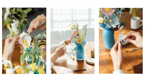為日常換一個觀察視角!居家品牌 HOLA 今年春夏發起「Bloom Lab 花藝混搭計畫」,將選物與搭配的思考,轉化為一場療癒的花藝體驗,大膽將積木花朵的幾何線條與鉤針、羊毛氈的溫潤質感,以及各色春夏擬真花材揉合在一起。邀請你拋開材質的既定框架,在重組過程中,感受異材質相遇的意外驚喜。
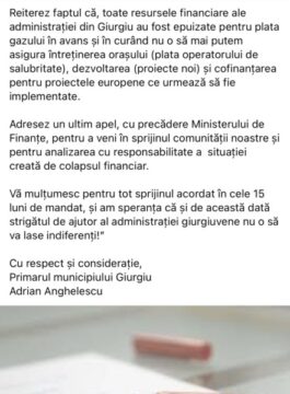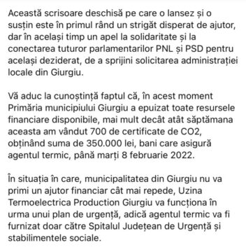 Într-o zi de sâmbătă, exact cum aţi auzit, primarul oraşului Giurgiu trimitea o scrisoare deschisă Guvernului, Ministerului Finanţelor dar şi parlamentarilor PNL şi PSD, prin care îşi exprimă imposibilitatea platii agentului termic după ziua de marţi a următoarei săptămâni, solicitând ajutor guvernamental.
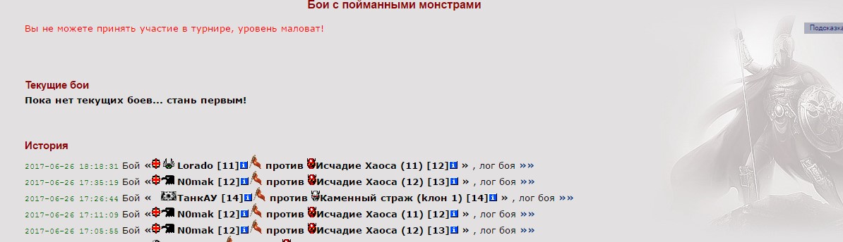 Раньше между посещением Групповых сражений действовал 6-часовой таймаут. Теперь таймаут отменен, и для того, чтобы попасть в Групповые сражения, нужно провести 10 хаотических боев. Поэтому прежде, чем отправляться бить монстров, убедитесь, что с момента последнего посещения Групп вы провели необходимое количество боев, чтобы ваши партнеры вас не ждали напрасно. Узнать, сколько у вас хаотических боев для Ристалища, можно, посмотрев у себя в инфе.
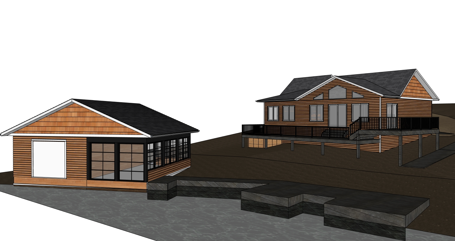 lakefront home is in cabin country on the candian shield lots of coniferous trees and a few birch and poplar surround the home in the background building in the foreground is a boathouse that is right on the lake sun is setting on the building behind the camera
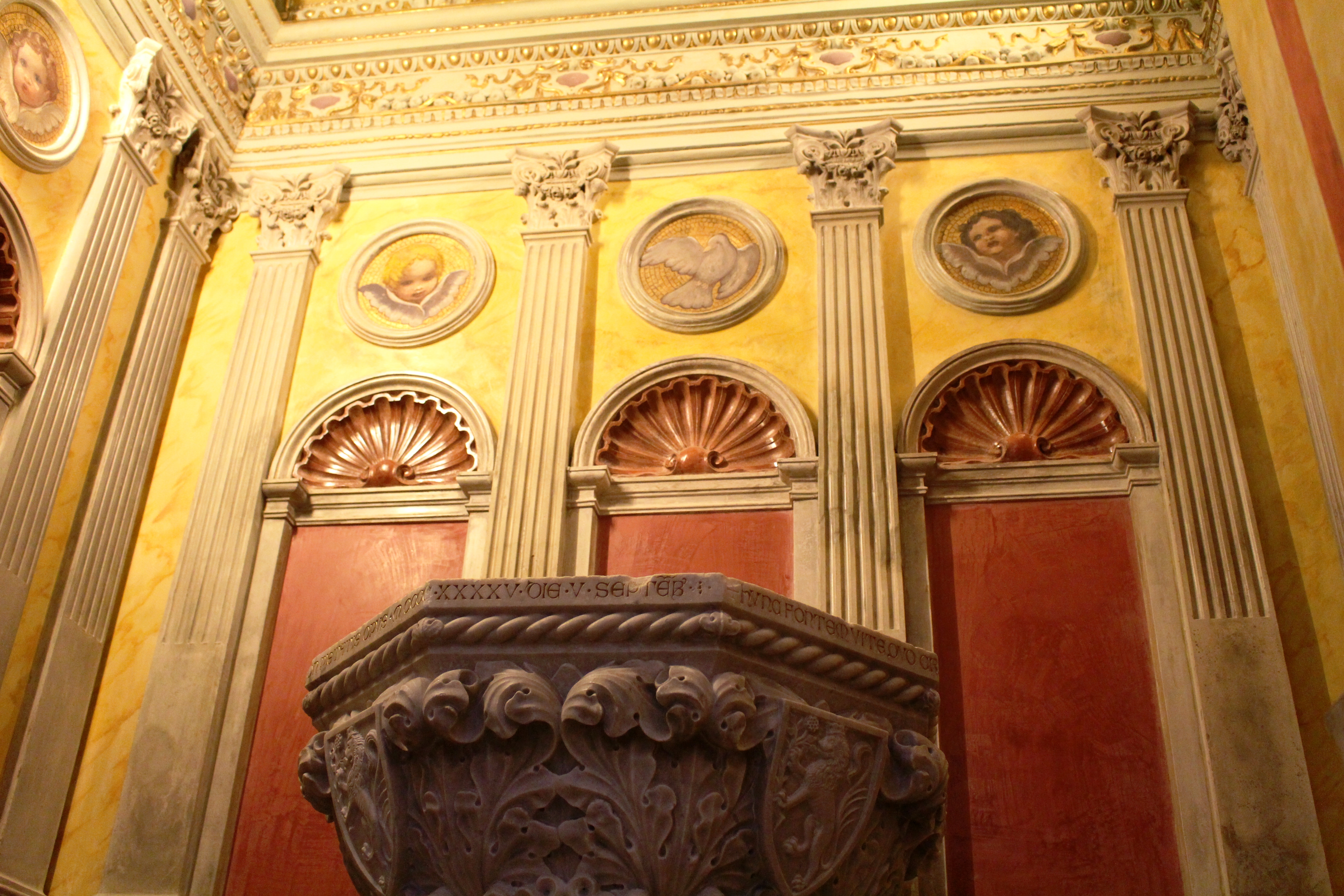 Nell’ antica chiesa dedicata a San Siro primo vescovo di Genova, collocata in uno dei più pittoreschi angoli del centro storico dichiarato patrimonio dell’ Umanità dall’ UNESCO, c’ é una fonte battesimale risalente al 1445, bellissimo per il contesto in cui é stata inserita, una spazio in cui il colore é protagonista assoluto
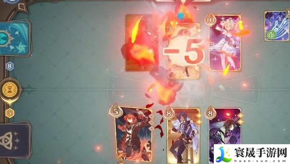 1、我们是万能元素骰所以可以随便使用技能,迪卢克先打一个三费的战技给安柏造成3点伤害,安柏会固定放大招;
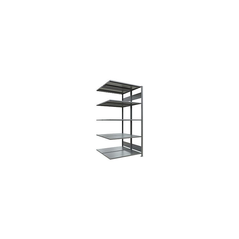 Scaffale a innesto, a fila doppia, largh. x prof. ripiano 1000 x (2 x 500) mm, zincato, altezza 2000 mm, scaffale aggiuntivo. Fornitura = smontato. Tipo di scaffale = scaffale aggiuntivo. Numero ripiani = 2x5 pz. Profondità ripiani = 500 mm. Portata ripiani = 250 kg. Altezza scaffale = 2000 mm. Larghezza totale = 1006 mm. Portata campata = 1800 kg. Struttura = a innesto. Colore montanti = zincatura. Larghezza ripiani = 1000 mm. Profondità totale = 1072 mm. Materiale = acciaio, zincato. Passo di regolazione altezza ripiani = 25 mm. Materiale ripiani = lamiera d'acciaio, zincata. Versione di scaffale = due lati utili. Montaggio e conversione rapidi, senza attrezzi e senza viti. Robusto scaffale in acciaio per carichi pesanti. Possibilità di montaggio su due file per ridurre le distanze. Possibilità di combinare elementi di base e aggiuntivi. Disponibili diverse larghezze, altezze e profondità. Con marchio di qualità RAL-RG 614. Vasta gamma di accessori: dorso e pareti laterali zincati

##########

**Exercise requirements**
Begin at the line that contains "1、我们是万能元素骰所以可以" and transcribe exactly, and only, each line through the final line of the data above, both included; the pictures do not go in.

**Problem solution**
 1、我们是万能元素骰所以可以随便使用技能,迪卢克先打一个三费的战技给安柏造成3点伤害,安柏会固定放大招;
 Scaffale a innesto, a fila doppia, largh. x prof. ripiano 1000 x (2 x 500) mm, zincato, altezza 2000 mm, scaffale aggiuntivo. Fornitura = smontato. Tipo di scaffale = scaffale aggiuntivo. Numero ripiani = 2x5 pz. Profondità ripiani = 500 mm. Portata ripiani = 250 kg. Altezza scaffale = 2000 mm. Larghezza totale = 1006 mm. Portata campata = 1800 kg. Struttura = a innesto. Colore montanti = zincatura. Larghezza ripiani = 1000 mm. Profondità totale = 1072 mm. Materiale = acciaio, zincato. Passo di regolazione altezza ripiani = 25 mm. Materiale ripiani = lamiera d'acciaio, zincata. Versione di scaffale = due lati utili. Montaggio e conversione rapidi, senza attrezzi e senza viti. Robusto scaffale in acciaio per carichi pesanti. Possibilità di montaggio su due file per ridurre le distanze. Possibilità di combinare elementi di base e aggiuntivi. Disponibili diverse larghezze, altezze e profondità. Con marchio di qualità RAL-RG 614. Vasta gamma di accessori: dorso e pareti laterali zincati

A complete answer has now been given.